▶ **EXERCISE DATA**

□ □ □ □ □

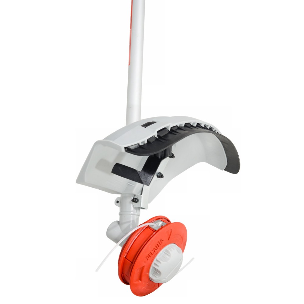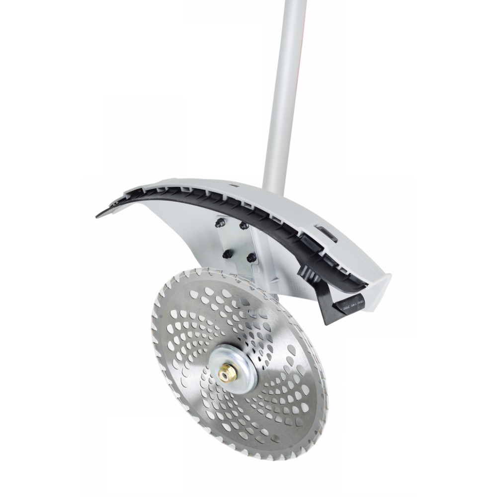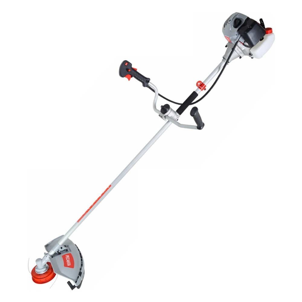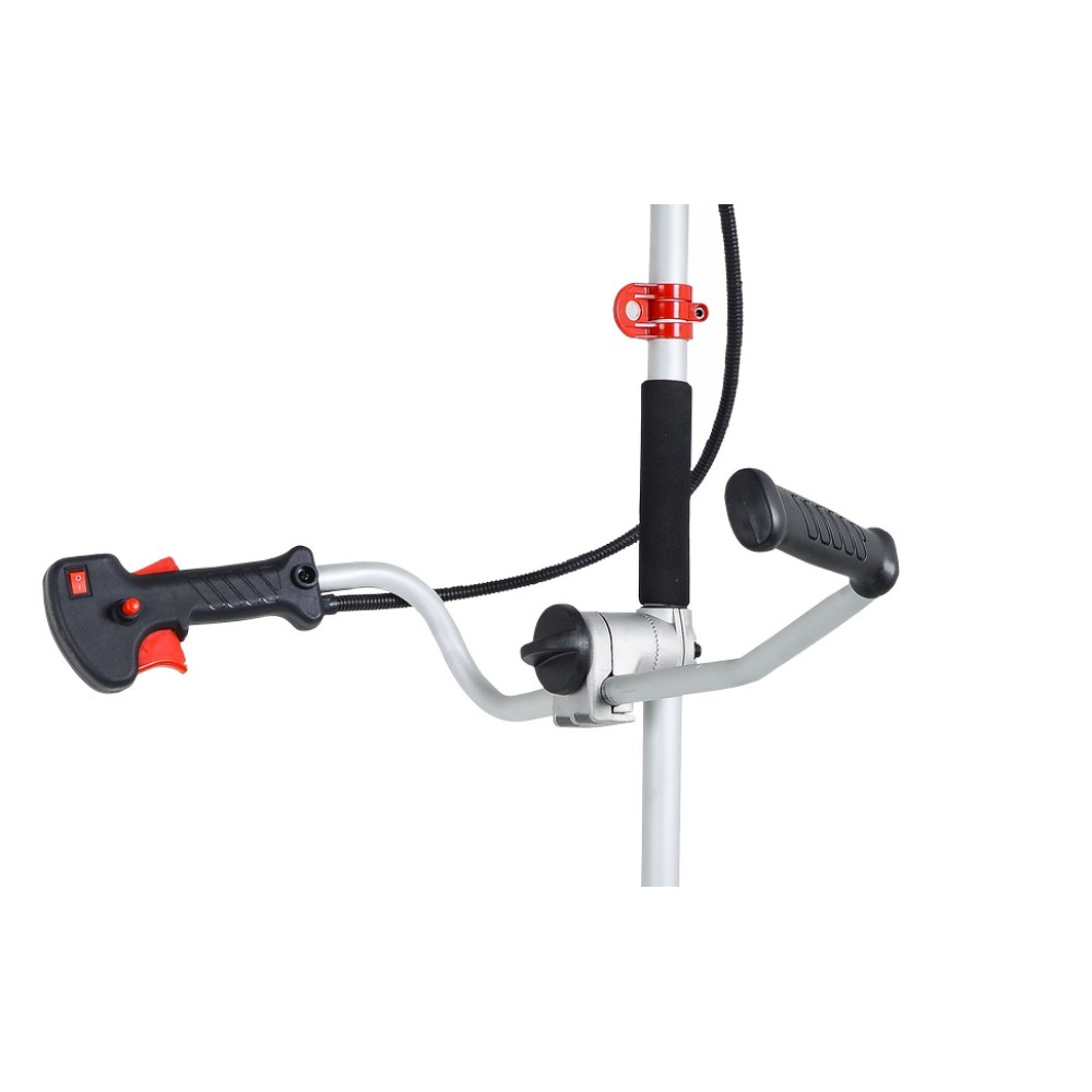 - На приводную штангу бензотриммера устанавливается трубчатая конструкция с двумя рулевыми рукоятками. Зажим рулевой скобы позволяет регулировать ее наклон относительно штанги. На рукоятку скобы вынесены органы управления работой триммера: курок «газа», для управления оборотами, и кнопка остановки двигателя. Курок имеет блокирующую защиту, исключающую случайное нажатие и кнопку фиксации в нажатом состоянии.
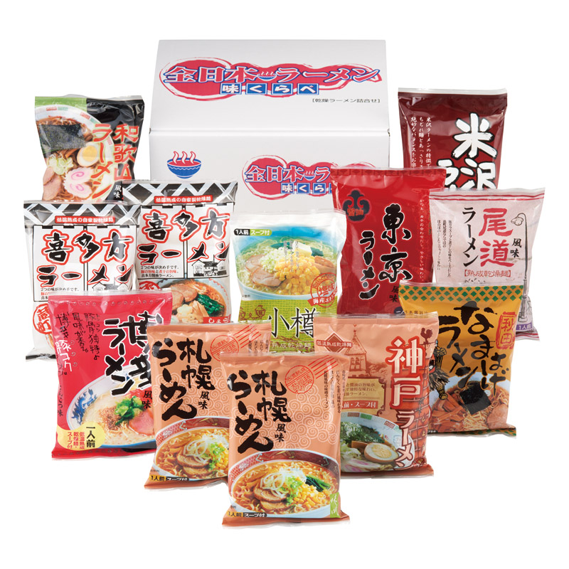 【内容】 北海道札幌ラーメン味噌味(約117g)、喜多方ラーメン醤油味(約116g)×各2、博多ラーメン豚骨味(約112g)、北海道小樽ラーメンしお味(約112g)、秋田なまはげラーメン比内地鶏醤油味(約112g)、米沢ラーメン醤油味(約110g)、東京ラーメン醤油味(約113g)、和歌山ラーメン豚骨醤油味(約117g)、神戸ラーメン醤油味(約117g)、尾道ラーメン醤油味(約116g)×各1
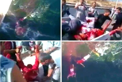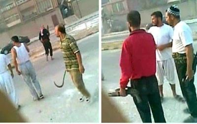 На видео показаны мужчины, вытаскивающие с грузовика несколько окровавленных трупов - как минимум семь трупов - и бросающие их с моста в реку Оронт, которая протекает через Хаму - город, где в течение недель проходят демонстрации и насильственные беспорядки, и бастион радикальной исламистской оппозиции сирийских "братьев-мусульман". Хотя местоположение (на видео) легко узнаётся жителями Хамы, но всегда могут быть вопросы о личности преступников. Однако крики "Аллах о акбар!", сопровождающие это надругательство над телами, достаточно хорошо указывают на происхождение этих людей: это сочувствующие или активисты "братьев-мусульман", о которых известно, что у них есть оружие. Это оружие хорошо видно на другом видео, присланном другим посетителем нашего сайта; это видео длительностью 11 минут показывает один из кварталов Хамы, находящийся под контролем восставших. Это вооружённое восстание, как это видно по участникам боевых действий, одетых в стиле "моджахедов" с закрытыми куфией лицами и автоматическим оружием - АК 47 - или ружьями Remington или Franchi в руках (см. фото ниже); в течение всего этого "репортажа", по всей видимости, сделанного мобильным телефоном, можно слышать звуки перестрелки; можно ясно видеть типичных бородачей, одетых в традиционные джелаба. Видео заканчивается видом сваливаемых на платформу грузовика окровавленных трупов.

□ □ □ □ □

▶ **TASK GOAL**
In your copy, restate the data above word for word but leave out any picture.

▶ **OUTPUT OF THE EXERCISE**
 - На приводную штангу бензотриммера устанавливается трубчатая конструкция с двумя рулевыми рукоятками. Зажим рулевой скобы позволяет регулировать ее наклон относительно штанги. На рукоятку скобы вынесены органы управления работой триммера: курок «газа», для управления оборотами, и кнопка остановки двигателя. Курок имеет блокирующую защиту, исключающую случайное нажатие и кнопку фиксации в нажатом состоянии.
 【内容】 北海道札幌ラーメン味噌味(約117g)、喜多方ラーメン醤油味(約116g)×各2、博多ラーメン豚骨味(約112g)、北海道小樽ラーメンしお味(約112g)、秋田なまはげラーメン比内地鶏醤油味(約112g)、米沢ラーメン醤油味(約110g)、東京ラーメン醤油味(約113g)、和歌山ラーメン豚骨醤油味(約117g)、神戸ラーメン醤油味(約117g)、尾道ラーメン醤油味(約116g)×各1
 На видео показаны мужчины, вытаскивающие с грузовика несколько окровавленных трупов - как минимум семь трупов - и бросающие их с моста в реку Оронт, которая протекает через Хаму - город, где в течение недель проходят демонстрации и насильственные беспорядки, и бастион радикальной исламистской оппозиции сирийских "братьев-мусульман". Хотя местоположение (на видео) легко узнаётся жителями Хамы, но всегда могут быть вопросы о личности преступников. Однако крики "Аллах о акбар!", сопровождающие это надругательство над телами, достаточно хорошо указывают на происхождение этих людей: это сочувствующие или активисты "братьев-мусульман", о которых известно, что у них есть оружие. Это оружие хорошо видно на другом видео, присланном другим посетителем нашего сайта; это видео длительностью 11 минут показывает один из кварталов Хамы, находящийся под контролем восставших. Это вооружённое восстание, как это видно по участникам боевых действий, одетых в стиле "моджахедов" с закрытыми куфией лицами и автоматическим оружием - АК 47 - или ружьями Remington или Franchi в руках (см. фото ниже); в течение всего этого "репортажа", по всей видимости, сделанного мобильным телефоном, можно слышать звуки перестрелки; можно ясно видеть типичных бородачей, одетых в традиционные джелаба. Видео заканчивается видом сваливаемых на платформу грузовика окровавленных трупов.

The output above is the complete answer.